- WHAT THE EXERCISE ASKS -
Copy exactly the lines from the beginning of the data down to and including the line holding "You’ll favor soft", without any pictures.

- INFORMATION PROVIDED -
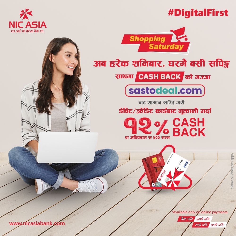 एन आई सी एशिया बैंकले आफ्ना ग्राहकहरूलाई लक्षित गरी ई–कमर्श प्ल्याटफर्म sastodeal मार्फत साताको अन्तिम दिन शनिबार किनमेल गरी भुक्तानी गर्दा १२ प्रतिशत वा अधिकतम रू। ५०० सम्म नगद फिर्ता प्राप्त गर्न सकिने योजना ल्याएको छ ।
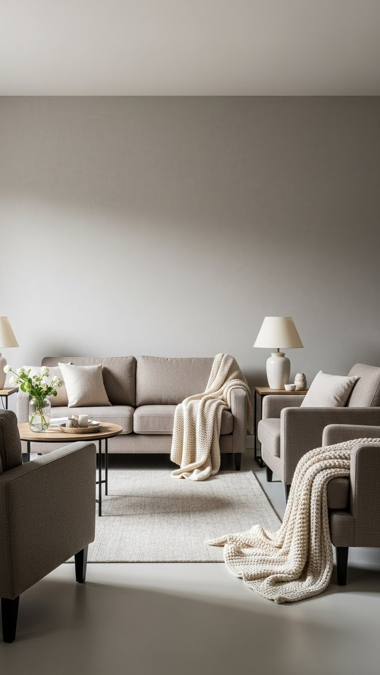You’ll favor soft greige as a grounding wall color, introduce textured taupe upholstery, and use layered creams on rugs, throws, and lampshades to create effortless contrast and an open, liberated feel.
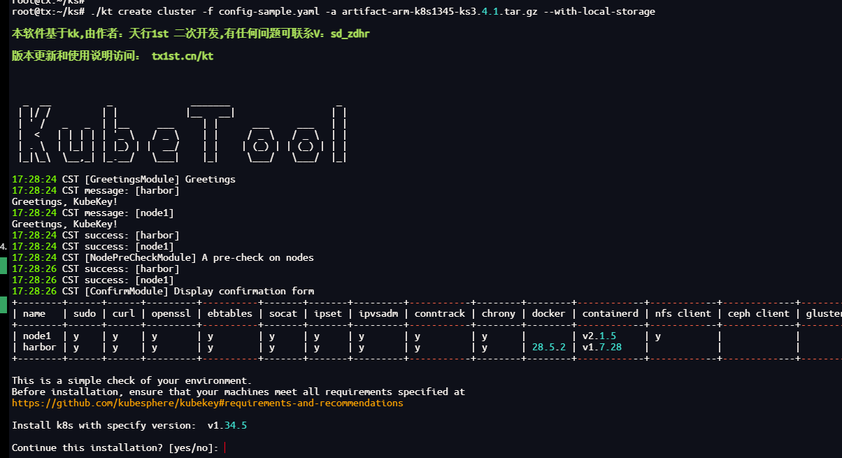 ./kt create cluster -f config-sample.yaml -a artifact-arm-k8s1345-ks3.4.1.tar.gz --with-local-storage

- RESULT OF THE TASK -
 एन आई सी एशिया बैंकले आफ्ना ग्राहकहरूलाई लक्षित गरी ई–कमर्श प्ल्याटफर्म sastodeal मार्फत साताको अन्तिम दिन शनिबार किनमेल गरी भुक्तानी गर्दा १२ प्रतिशत वा अधिकतम रू। ५०० सम्म नगद फिर्ता प्राप्त गर्न सकिने योजना ल्याएको छ ।
You’ll favor soft greige as a grounding wall color, introduce textured taupe upholstery, and use layered creams on rugs, throws, and lampshades to create effortless contrast and an open, liberated feel.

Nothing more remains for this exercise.